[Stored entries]
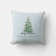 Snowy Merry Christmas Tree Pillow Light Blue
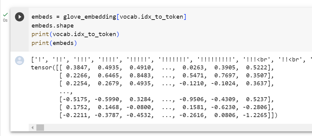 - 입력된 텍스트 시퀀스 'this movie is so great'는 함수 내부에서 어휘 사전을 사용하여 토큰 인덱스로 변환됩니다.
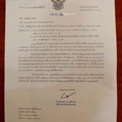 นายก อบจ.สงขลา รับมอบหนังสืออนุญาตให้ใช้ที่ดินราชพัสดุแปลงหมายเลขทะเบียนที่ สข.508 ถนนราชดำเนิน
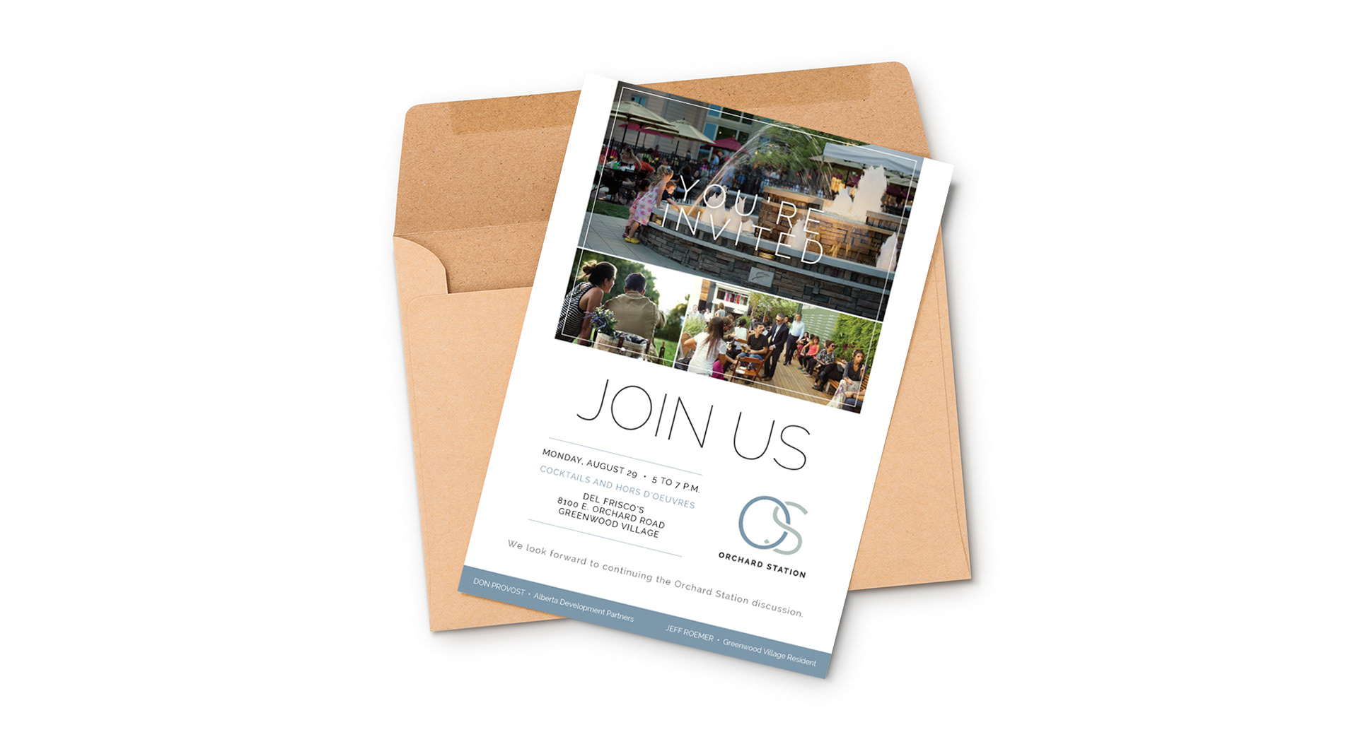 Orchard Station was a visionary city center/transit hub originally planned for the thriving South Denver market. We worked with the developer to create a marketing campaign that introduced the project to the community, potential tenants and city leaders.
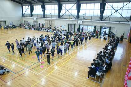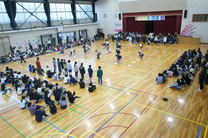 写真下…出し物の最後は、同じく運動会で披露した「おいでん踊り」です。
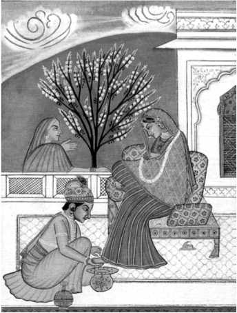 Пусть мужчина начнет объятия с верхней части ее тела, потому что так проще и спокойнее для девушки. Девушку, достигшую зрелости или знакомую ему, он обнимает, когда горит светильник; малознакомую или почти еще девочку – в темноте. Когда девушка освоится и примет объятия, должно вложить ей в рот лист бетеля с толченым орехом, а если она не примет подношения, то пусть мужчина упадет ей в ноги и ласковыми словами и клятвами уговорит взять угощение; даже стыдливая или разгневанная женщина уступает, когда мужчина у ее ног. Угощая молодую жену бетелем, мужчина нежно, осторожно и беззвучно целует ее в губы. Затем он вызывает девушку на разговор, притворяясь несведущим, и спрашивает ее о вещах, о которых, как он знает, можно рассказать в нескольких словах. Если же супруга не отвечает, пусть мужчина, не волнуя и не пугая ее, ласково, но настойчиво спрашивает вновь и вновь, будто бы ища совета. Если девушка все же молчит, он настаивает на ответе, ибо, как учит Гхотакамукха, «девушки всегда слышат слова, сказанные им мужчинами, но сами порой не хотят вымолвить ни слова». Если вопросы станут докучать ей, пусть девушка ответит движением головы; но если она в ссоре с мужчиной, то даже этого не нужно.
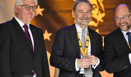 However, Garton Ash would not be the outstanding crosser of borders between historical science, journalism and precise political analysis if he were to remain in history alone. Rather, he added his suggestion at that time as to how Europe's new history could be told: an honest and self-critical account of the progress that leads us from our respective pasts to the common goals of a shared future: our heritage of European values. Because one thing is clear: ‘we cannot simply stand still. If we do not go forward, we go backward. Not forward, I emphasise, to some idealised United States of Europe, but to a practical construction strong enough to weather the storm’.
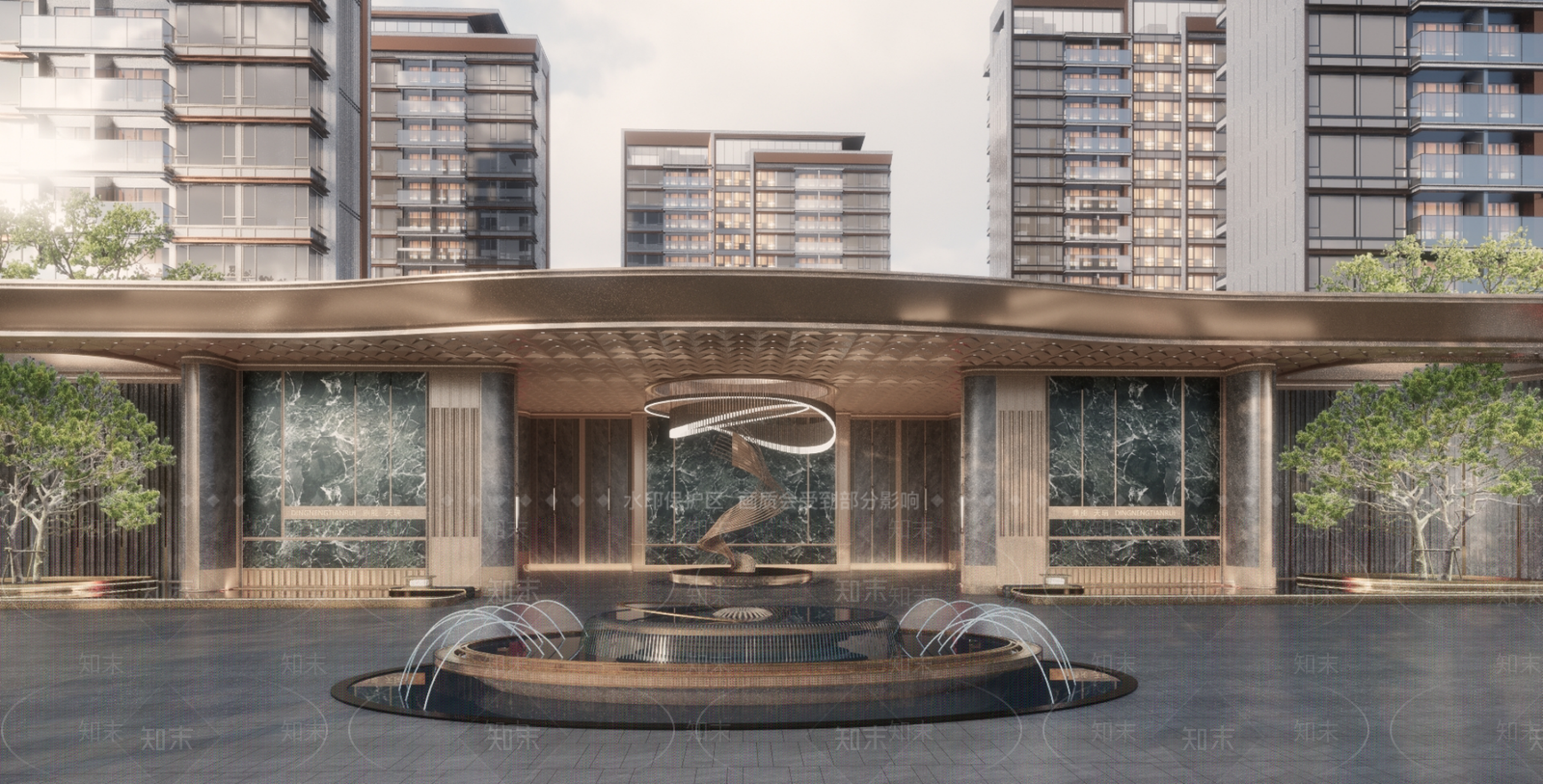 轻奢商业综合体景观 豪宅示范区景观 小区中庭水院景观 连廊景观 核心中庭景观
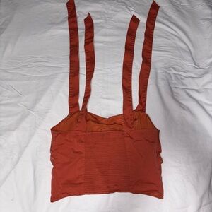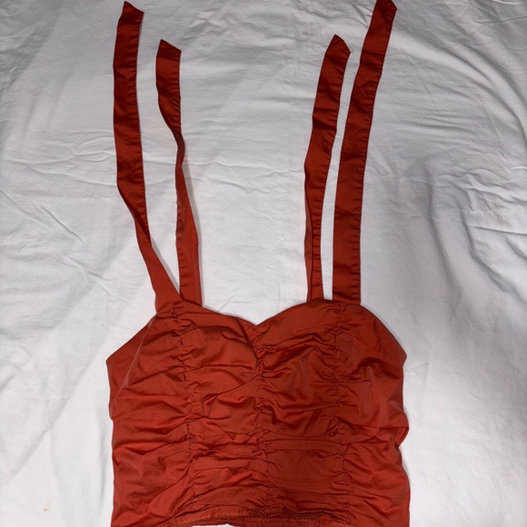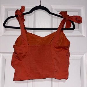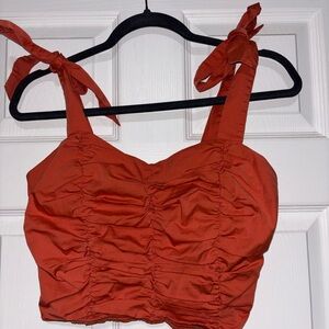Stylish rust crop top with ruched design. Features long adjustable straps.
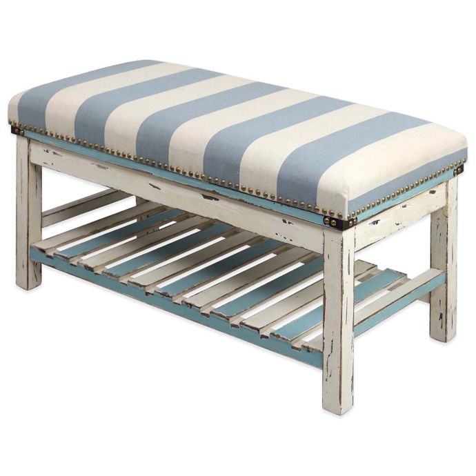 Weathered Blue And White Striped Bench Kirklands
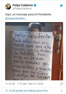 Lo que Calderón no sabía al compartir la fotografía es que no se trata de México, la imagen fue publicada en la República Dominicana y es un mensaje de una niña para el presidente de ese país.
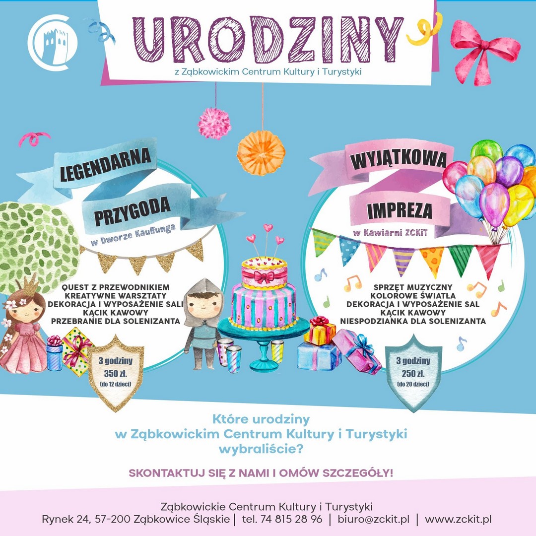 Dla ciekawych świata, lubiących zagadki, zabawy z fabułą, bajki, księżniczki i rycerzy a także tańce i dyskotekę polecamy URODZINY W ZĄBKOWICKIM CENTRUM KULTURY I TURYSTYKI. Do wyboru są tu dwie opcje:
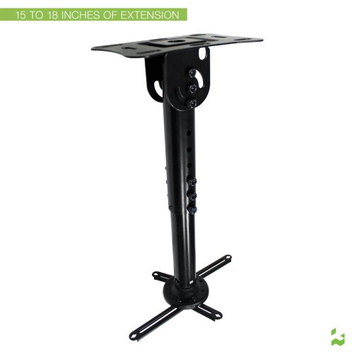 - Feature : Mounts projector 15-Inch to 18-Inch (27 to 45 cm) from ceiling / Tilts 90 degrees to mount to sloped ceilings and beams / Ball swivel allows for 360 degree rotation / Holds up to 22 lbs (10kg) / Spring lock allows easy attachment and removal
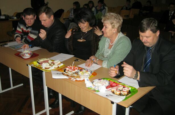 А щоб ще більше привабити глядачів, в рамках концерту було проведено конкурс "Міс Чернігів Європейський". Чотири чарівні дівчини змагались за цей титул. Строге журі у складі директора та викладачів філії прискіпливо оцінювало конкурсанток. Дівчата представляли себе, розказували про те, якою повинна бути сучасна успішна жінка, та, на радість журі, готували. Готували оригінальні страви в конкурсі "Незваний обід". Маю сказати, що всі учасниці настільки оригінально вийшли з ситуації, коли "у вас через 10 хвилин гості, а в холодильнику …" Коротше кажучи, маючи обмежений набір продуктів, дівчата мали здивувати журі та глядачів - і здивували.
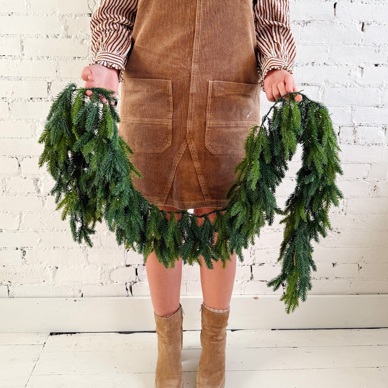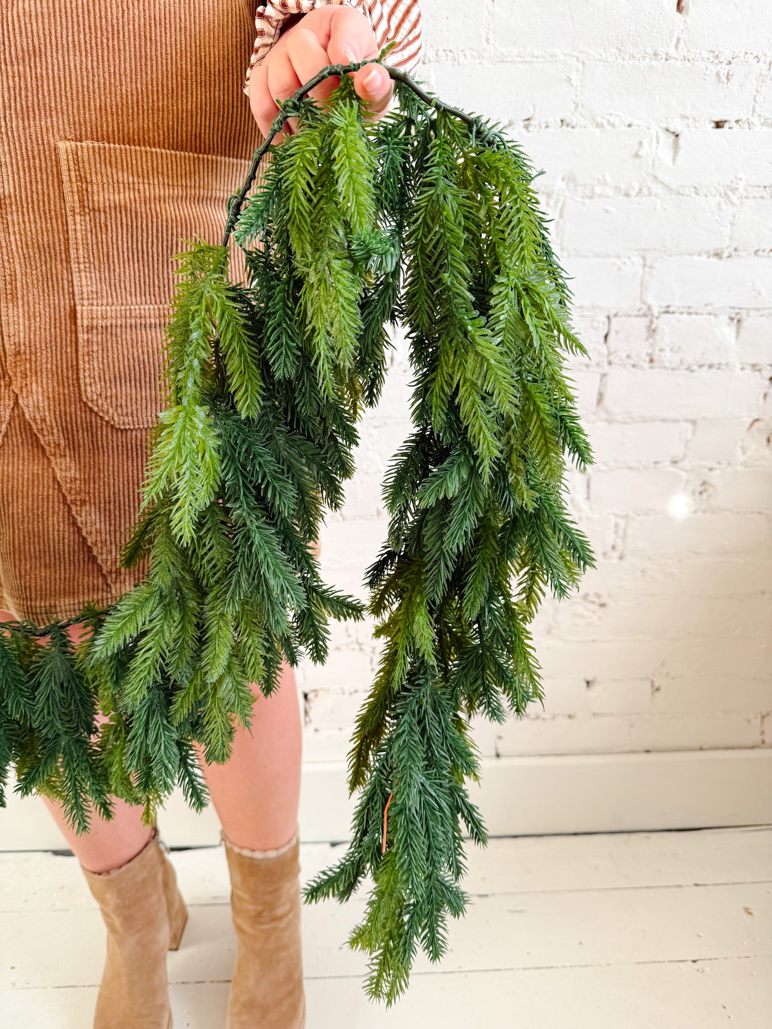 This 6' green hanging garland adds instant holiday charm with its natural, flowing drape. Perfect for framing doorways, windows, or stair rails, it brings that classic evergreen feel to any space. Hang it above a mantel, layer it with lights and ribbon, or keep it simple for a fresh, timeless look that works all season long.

TASK GOAL: Beginning at the line above that contains "轻奢商业综合体景观 豪宅示范区景观 小区中庭水院景观 连廊景观 核心中庭景观" and going on through the line that contains "- Feature : Mounts", please copy every line exactly, leaving the pictures out and adding nothing.

SOLUTION TO THE PROBLEM:
 轻奢商业综合体景观 豪宅示范区景观 小区中庭水院景观 连廊景观 核心中庭景观
Stylish rust crop top with ruched design. Features long adjustable straps.
 Weathered Blue And White Striped Bench Kirklands
 Lo que Calderón no sabía al compartir la fotografía es que no se trata de México, la imagen fue publicada en la República Dominicana y es un mensaje de una niña para el presidente de ese país.
 Dla ciekawych świata, lubiących zagadki, zabawy z fabułą, bajki, księżniczki i rycerzy a także tańce i dyskotekę polecamy URODZINY W ZĄBKOWICKIM CENTRUM KULTURY I TURYSTYKI. Do wyboru są tu dwie opcje:
 - Feature : Mounts projector 15-Inch to 18-Inch (27 to 45 cm) from ceiling / Tilts 90 degrees to mount to sloped ceilings and beams / Ball swivel allows for 360 degree rotation / Holds up to 22 lbs (10kg) / Spring lock allows easy attachment and removal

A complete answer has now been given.